Rezension

Sollte man jemanden im Zug ansprechen?

Das Glück in vollen Zügen - Lisa Kirsch

Das Glück in vollen Zügen
von Lisa Kirsch

Bewertet mit 4.5 Sternen

Die Mittdreißiger Marie und Jo pendeln jeden Tag 2 Stunden von Herrsching am Ammersee nach München zur Arbeit. Beide sind noch auf der Suche nach der großen Liebe und da begegnen sie sich im Zug, doch niemand wagt den ersten Schritt. Bis sie sich aus den Augen verlieren...

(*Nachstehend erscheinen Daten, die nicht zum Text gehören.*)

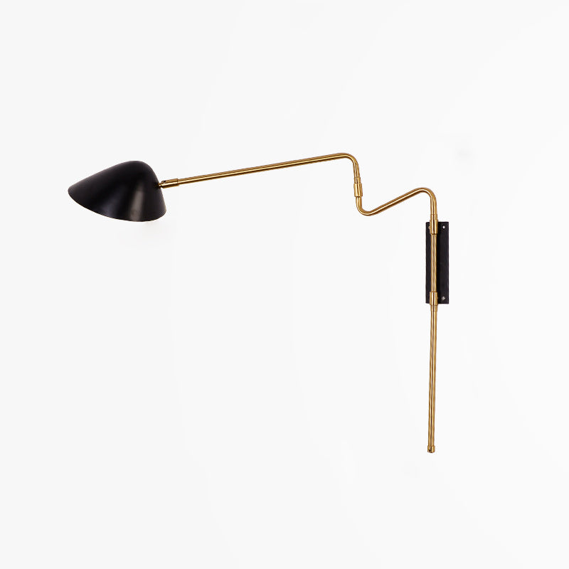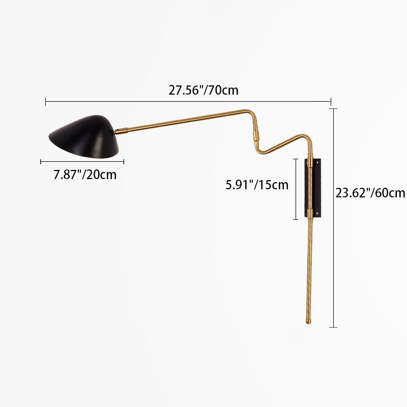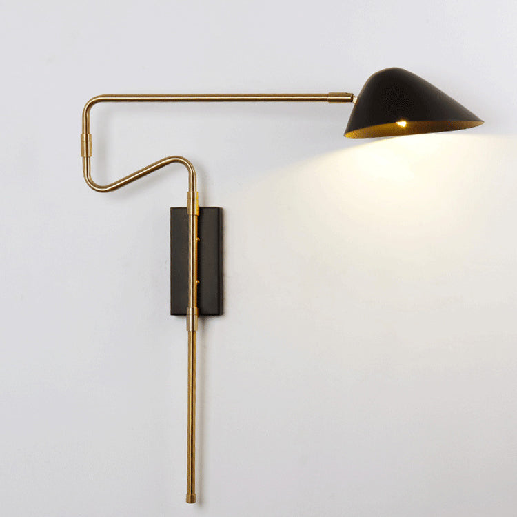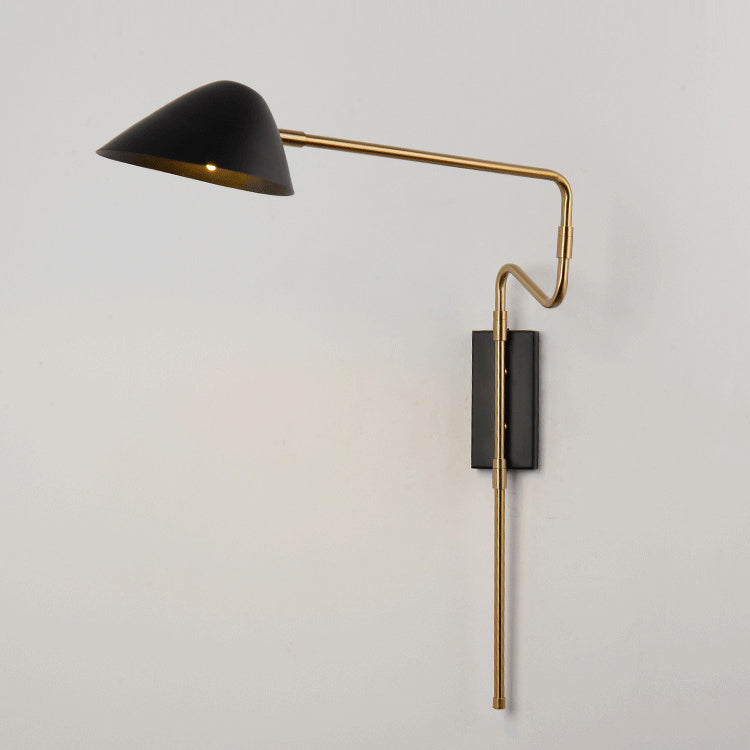 Contemporary Nordic Iron Conical Shade With Long Rod Rocker Arm 1-Light Wall Sconce Lamp For Living Room

Während die Freunde der Mittdreißiger sich alle beruflich selbstständig machen und Kinder bekommen, haben die Protagonisten Marie und Jo ihr eigenes Päckchen zu tragen. Beide mussten wieder nach Hause zu ihren Eltern ziehen, was ihnen eigentlich gar nicht behagt. Wünschten sie sich doch beide Karriere zu machen und dann eine eigene Familie zu gründen. Doch Maries Vater ist verstorben und nun möchte sie ihre Mutter unterstützen, die ganz alleine in ihrem großen Haus am Ammersee lebt. Und auch Jo ist wieder zurück nach Herrsching gekommen, da sein Vater dement wird und dringend Unterstützung braucht. Wie soll man da noch die große Liebe finden?

Jo weiß es, er tindert. Dabei hat er eine nette Frau per WhatsApp kennengelernt, doch die hat ihn plötzlich geghostet. Dann eines Tages steht sie an seiner S-Bahn-Haltestelle und er spricht sie einfach an, mit Schnittlauch von seinem Frühstück im Gesicht... Doch die rothaarige, sympathische Frau blockt ihn komplett ab, sie kennt ihn nicht. Jos Selbstbewusstsein schwindet, was stimmt nur nicht mit ihm? Kurz darauf entdeckt er Marie in der S-Bahn. Eine blond gelockte Frau etwa in seinem Alter, die sich in der Bahn umzieht. Von der Ökotante in Birkenstocks verwandelt sie sich urplötzlich in eine knallhart aussehende Geschäftsfrau. Sein Interesse ist geweckt, doch er spricht sie nicht an. Jo ist Marie ebenfalls aufgefallen, aber sie hat ihre ganz eigenen Probleme. Ihre Hündin Dexter bekommt Junge, der neue Freund ihrer Mutter ist einfach nur ätzend, ihre beste Freundin Katja bekommt ein Kind und ihr Traum von eigenen Kindern wird wohl einer bleiben. Und trotzdem findet sie Jo interessant und beobachtet ihn seit jetzt in der Bahn. Jo will Marie immer wieder ansprechen, aber immer kommt etwas dazwischen. Dann taucht sie plötzlich mit der Gala im Zug auf, und sie!!! ist darin engumschlungen mit dem reichen Münchener Schnösel Nepomuk Semmelhuber abgebildet. Sind sie gar verlobt? Immer scheint es so, als sei der ein oder andere verheiratet oder vergeben. Marie strickt Babymützchen und kauft Babygläschen...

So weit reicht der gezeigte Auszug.